1. Technical Field
The present application relates generally to an improved data processing system and method. More specifically, the present application is directed to a digital thermal sensor test implementation that does not use main core voltage supply.
2. Description of Related Art
The first-generation heterogeneous Cell Broadband Engine™ (Cell BE) processor is a multi-core chip comprised of a 64-bit Power PC® processor core and eight single instruction multiple data (SIMD) synergistic processor cores, capable of massive floating point processing, optimized for compute-intensive workloads and broadband rich media applications. A high-speed memory controller and high-bandwidth bus interface are also integrated on-chip. Cell BE's breakthrough multi-core architecture and ultra high-speed communications capabilities deliver vastly improved, real-time response, in many cases ten times the performance of the latest PC processors. Cell BE is operating system neutral and supports multiple operating systems simultaneously. Applications for this type of processor range from a next generation of game systems with dramatically enhanced realism, to systems that form the hub for digital media and streaming content in the home, to systems used to develop and distribute digital content, and to systems to accelerate visualization and supercomputing applications.

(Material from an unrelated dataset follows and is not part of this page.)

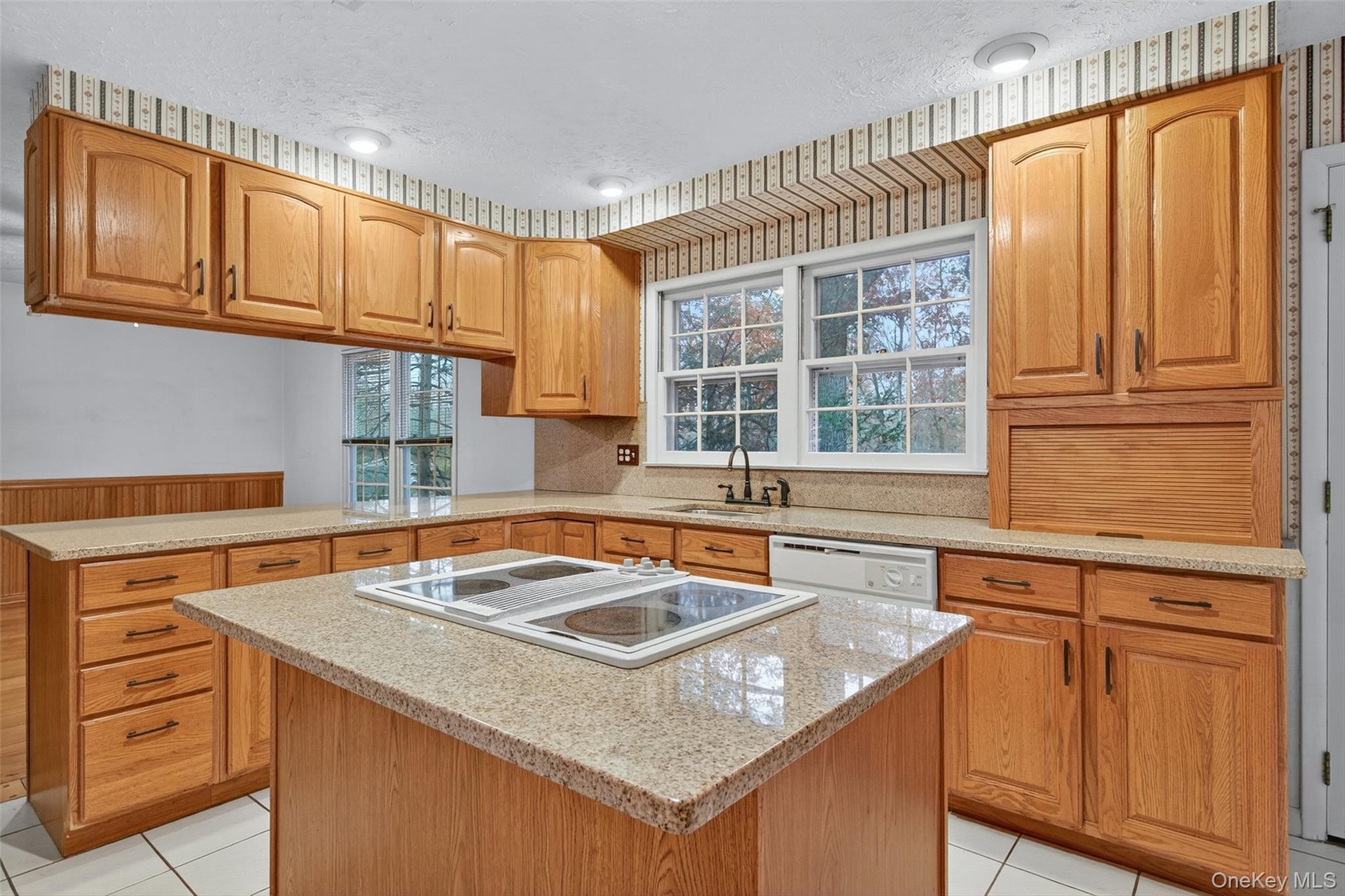 - Kitchen with light stone countertops, light tile patterned floors, white appliances, a center island, and a textured ceiling

Today's multi-core processors are frequently limited by thermal considerations. Typical solutions include cooling and power management. Cooling may be expensive and/or difficult to package. Power management is generally a coarse action, “throttling” much, if not all, of the processor in reaction to a thermal limit being reached. Other techniques such as thermal management help address these coarse actions by only throttling the units exceeding a given temperature. However, most thermal management techniques impact the real-time guarantees of an application. In order to guarantee the real-time nature of an application in the event of a thermal condition and the accurate throttling that may be required, calibration is usually required. Currently, both analog and core voltage supplies are required during the test and calibration process to power the digital thermal sensor and test logic. However, within the current calibration processes with core voltage supply enabled, the processor consumes a significant amount of power due to leakage current and, in turn, the self-heating due to leakage current elevates the internal processor temperature. This added variable makes the calibration process more difficult and also less accurate.